Records from a collection
----------------

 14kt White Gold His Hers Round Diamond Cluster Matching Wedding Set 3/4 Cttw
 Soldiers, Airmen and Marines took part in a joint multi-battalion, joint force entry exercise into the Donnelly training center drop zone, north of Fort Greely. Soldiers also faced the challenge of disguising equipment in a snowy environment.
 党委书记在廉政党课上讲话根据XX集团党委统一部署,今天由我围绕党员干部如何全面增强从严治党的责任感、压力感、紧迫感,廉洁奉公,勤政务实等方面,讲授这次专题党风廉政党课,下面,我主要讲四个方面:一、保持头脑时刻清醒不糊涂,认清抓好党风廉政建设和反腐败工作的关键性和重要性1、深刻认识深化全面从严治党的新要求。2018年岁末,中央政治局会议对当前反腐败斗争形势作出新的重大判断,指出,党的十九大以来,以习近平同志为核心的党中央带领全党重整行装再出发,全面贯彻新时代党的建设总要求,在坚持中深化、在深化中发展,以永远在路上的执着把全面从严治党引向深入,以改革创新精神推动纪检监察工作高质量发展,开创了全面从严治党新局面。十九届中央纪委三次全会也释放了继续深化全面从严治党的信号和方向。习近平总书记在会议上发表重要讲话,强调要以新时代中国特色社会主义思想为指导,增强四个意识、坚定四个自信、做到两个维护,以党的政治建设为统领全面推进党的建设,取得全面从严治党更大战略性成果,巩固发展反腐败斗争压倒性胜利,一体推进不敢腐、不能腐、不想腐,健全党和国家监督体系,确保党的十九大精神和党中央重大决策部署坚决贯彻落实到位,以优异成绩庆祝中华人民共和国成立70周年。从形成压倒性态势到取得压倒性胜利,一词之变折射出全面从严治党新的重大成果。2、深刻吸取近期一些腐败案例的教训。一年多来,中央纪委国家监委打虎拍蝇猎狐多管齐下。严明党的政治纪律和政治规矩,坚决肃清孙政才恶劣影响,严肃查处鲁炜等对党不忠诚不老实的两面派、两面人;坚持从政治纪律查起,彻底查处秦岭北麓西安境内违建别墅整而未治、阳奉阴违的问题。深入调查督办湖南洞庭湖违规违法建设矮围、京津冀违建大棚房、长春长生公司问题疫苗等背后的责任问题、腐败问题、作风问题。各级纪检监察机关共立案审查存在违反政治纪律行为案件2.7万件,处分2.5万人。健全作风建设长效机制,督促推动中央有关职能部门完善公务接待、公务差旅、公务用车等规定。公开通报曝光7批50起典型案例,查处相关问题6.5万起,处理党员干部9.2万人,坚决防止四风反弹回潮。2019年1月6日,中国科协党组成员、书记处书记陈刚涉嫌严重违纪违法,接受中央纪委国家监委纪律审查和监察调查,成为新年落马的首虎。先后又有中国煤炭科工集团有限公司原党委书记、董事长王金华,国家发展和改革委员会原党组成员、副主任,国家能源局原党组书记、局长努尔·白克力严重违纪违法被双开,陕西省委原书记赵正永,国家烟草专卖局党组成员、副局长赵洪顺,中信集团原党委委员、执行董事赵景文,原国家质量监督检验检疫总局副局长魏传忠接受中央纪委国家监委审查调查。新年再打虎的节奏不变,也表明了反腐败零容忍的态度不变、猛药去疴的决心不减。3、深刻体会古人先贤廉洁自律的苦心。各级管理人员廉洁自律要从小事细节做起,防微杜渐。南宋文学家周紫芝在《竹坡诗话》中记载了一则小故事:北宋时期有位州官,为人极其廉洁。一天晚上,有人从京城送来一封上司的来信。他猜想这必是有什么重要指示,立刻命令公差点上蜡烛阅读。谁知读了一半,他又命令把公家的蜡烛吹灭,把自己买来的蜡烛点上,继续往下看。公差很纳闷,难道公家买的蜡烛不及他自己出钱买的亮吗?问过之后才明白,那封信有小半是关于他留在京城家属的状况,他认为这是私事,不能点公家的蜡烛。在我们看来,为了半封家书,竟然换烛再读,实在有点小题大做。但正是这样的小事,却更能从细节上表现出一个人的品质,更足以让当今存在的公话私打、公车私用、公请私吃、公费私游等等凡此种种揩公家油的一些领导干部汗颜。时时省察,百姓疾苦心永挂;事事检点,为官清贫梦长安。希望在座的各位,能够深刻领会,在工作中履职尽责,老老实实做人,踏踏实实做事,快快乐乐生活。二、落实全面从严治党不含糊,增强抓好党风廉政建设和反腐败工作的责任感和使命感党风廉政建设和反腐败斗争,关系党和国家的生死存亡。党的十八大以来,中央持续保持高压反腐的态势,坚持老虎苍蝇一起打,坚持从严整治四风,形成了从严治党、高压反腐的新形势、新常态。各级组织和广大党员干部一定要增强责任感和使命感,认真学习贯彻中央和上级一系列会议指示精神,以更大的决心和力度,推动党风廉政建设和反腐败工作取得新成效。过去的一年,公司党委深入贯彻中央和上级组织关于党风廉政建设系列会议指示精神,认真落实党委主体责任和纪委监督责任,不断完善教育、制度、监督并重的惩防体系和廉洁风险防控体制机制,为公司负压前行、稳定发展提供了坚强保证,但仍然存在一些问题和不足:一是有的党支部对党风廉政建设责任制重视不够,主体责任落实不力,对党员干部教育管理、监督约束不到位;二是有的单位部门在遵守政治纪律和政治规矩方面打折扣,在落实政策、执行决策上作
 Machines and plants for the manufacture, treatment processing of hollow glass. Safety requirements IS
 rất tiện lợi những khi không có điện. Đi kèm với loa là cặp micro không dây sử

----------------

- Problem -
An accurate, complete transcription of the records above is needed.

- Result -
 14kt White Gold His Hers Round Diamond Cluster Matching Wedding Set 3/4 Cttw
 Soldiers, Airmen and Marines took part in a joint multi-battalion, joint force entry exercise into the Donnelly training center drop zone, north of Fort Greely. Soldiers also faced the challenge of disguising equipment in a snowy environment.
 党委书记在廉政党课上讲话根据XX集团党委统一部署,今天由我围绕党员干部如何全面增强从严治党的责任感、压力感、紧迫感,廉洁奉公,勤政务实等方面,讲授这次专题党风廉政党课,下面,我主要讲四个方面:一、保持头脑时刻清醒不糊涂,认清抓好党风廉政建设和反腐败工作的关键性和重要性1、深刻认识深化全面从严治党的新要求。2018年岁末,中央政治局会议对当前反腐败斗争形势作出新的重大判断,指出,党的十九大以来,以习近平同志为核心的党中央带领全党重整行装再出发,全面贯彻新时代党的建设总要求,在坚持中深化、在深化中发展,以永远在路上的执着把全面从严治党引向深入,以改革创新精神推动纪检监察工作高质量发展,开创了全面从严治党新局面。十九届中央纪委三次全会也释放了继续深化全面从严治党的信号和方向。习近平总书记在会议上发表重要讲话,强调要以新时代中国特色社会主义思想为指导,增强四个意识、坚定四个自信、做到两个维护,以党的政治建设为统领全面推进党的建设,取得全面从严治党更大战略性成果,巩固发展反腐败斗争压倒性胜利,一体推进不敢腐、不能腐、不想腐,健全党和国家监督体系,确保党的十九大精神和党中央重大决策部署坚决贯彻落实到位,以优异成绩庆祝中华人民共和国成立70周年。从形成压倒性态势到取得压倒性胜利,一词之变折射出全面从严治党新的重大成果。2、深刻吸取近期一些腐败案例的教训。一年多来,中央纪委国家监委打虎拍蝇猎狐多管齐下。严明党的政治纪律和政治规矩,坚决肃清孙政才恶劣影响,严肃查处鲁炜等对党不忠诚不老实的两面派、两面人;坚持从政治纪律查起,彻底查处秦岭北麓西安境内违建别墅整而未治、阳奉阴违的问题。深入调查督办湖南洞庭湖违规违法建设矮围、京津冀违建大棚房、长春长生公司问题疫苗等背后的责任问题、腐败问题、作风问题。各级纪检监察机关共立案审查存在违反政治纪律行为案件2.7万件,处分2.5万人。健全作风建设长效机制,督促推动中央有关职能部门完善公务接待、公务差旅、公务用车等规定。公开通报曝光7批50起典型案例,查处相关问题6.5万起,处理党员干部9.2万人,坚决防止四风反弹回潮。2019年1月6日,中国科协党组成员、书记处书记陈刚涉嫌严重违纪违法,接受中央纪委国家监委纪律审查和监察调查,成为新年落马的首虎。先后又有中国煤炭科工集团有限公司原党委书记、董事长王金华,国家发展和改革委员会原党组成员、副主任,国家能源局原党组书记、局长努尔·白克力严重违纪违法被双开,陕西省委原书记赵正永,国家烟草专卖局党组成员、副局长赵洪顺,中信集团原党委委员、执行董事赵景文,原国家质量监督检验检疫总局副局长魏传忠接受中央纪委国家监委审查调查。新年再打虎的节奏不变,也表明了反腐败零容忍的态度不变、猛药去疴的决心不减。3、深刻体会古人先贤廉洁自律的苦心。各级管理人员廉洁自律要从小事细节做起,防微杜渐。南宋文学家周紫芝在《竹坡诗话》中记载了一则小故事:北宋时期有位州官,为人极其廉洁。一天晚上,有人从京城送来一封上司的来信。他猜想这必是有什么重要指示,立刻命令公差点上蜡烛阅读。谁知读了一半,他又命令把公家的蜡烛吹灭,把自己买来的蜡烛点上,继续往下看。公差很纳闷,难道公家买的蜡烛不及他自己出钱买的亮吗?问过之后才明白,那封信有小半是关于他留在京城家属的状况,他认为这是私事,不能点公家的蜡烛。在我们看来,为了半封家书,竟然换烛再读,实在有点小题大做。但正是这样的小事,却更能从细节上表现出一个人的品质,更足以让当今存在的公话私打、公车私用、公请私吃、公费私游等等凡此种种揩公家油的一些领导干部汗颜。时时省察,百姓疾苦心永挂;事事检点,为官清贫梦长安。希望在座的各位,能够深刻领会,在工作中履职尽责,老老实实做人,踏踏实实做事,快快乐乐生活。二、落实全面从严治党不含糊,增强抓好党风廉政建设和反腐败工作的责任感和使命感党风廉政建设和反腐败斗争,关系党和国家的生死存亡。党的十八大以来,中央持续保持高压反腐的态势,坚持老虎苍蝇一起打,坚持从严整治四风,形成了从严治党、高压反腐的新形势、新常态。各级组织和广大党员干部一定要增强责任感和使命感,认真学习贯彻中央和上级一系列会议指示精神,以更大的决心和力度,推动党风廉政建设和反腐败工作取得新成效。过去的一年,公司党委深入贯彻中央和上级组织关于党风廉政建设系列会议指示精神,认真落实党委主体责任和纪委监督责任,不断完善教育、制度、监督并重的惩防体系和廉洁风险防控体制机制,为公司负压前行、稳定发展提供了坚强保证,但仍然存在一些问题和不足:一是有的党支部对党风廉政建设责任制重视不够,主体责任落实不力,对党员干部教育管理、监督约束不到位;二是有的单位部门在遵守政治纪律和政治规矩方面打折扣,在落实政策、执行决策上作
 Machines and plants for the manufacture, treatment processing of hollow glass. Safety requirements IS
 rất tiện lợi những khi không có điện. Đi kèm với loa là cặp micro không dây sử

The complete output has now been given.